What needs to be done
If pictures appear in the lines below, skip them and copy exactly the lines from the one containing "旗舰不愧是旗舰,堆料就是猛!OPPO Find X6" through the one containing "进制:由于计算机是二进制的,则浮点类型里", and nothing else.

Provided records

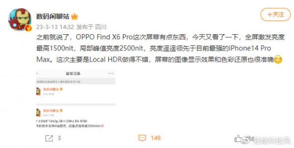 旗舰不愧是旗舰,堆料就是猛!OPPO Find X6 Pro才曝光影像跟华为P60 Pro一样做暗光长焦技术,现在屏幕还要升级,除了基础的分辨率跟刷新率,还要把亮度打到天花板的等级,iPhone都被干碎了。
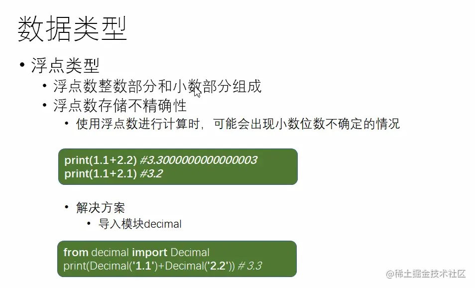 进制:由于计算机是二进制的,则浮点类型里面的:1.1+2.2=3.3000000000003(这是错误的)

* * *

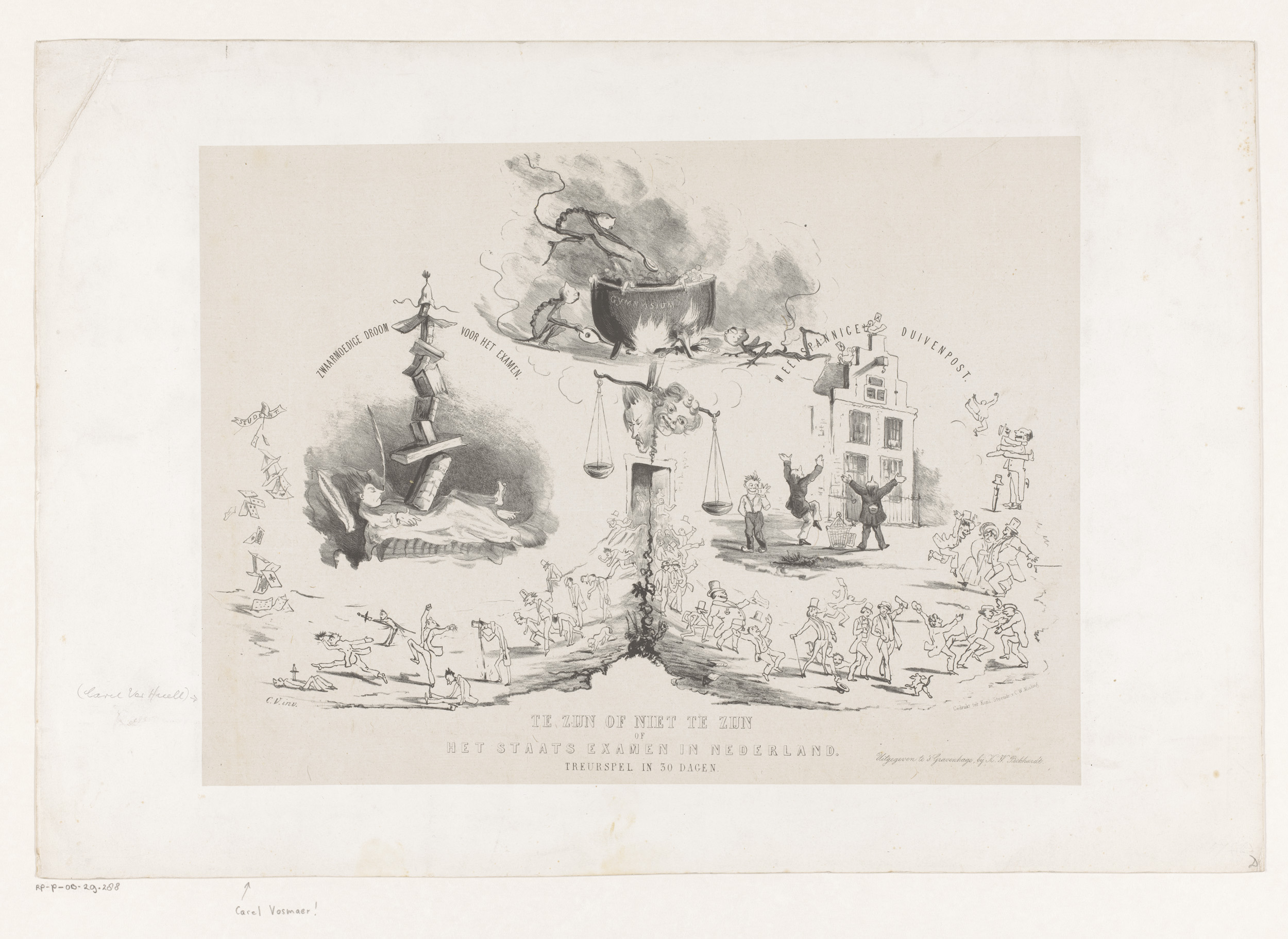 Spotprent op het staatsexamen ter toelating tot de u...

Result for this task
 旗舰不愧是旗舰,堆料就是猛!OPPO Find X6 Pro才曝光影像跟华为P60 Pro一样做暗光长焦技术,现在屏幕还要升级,除了基础的分辨率跟刷新率,还要把亮度打到天花板的等级,iPhone都被干碎了。
 进制:由于计算机是二进制的,则浮点类型里面的:1.1+2.2=3.3000000000003(这是错误的)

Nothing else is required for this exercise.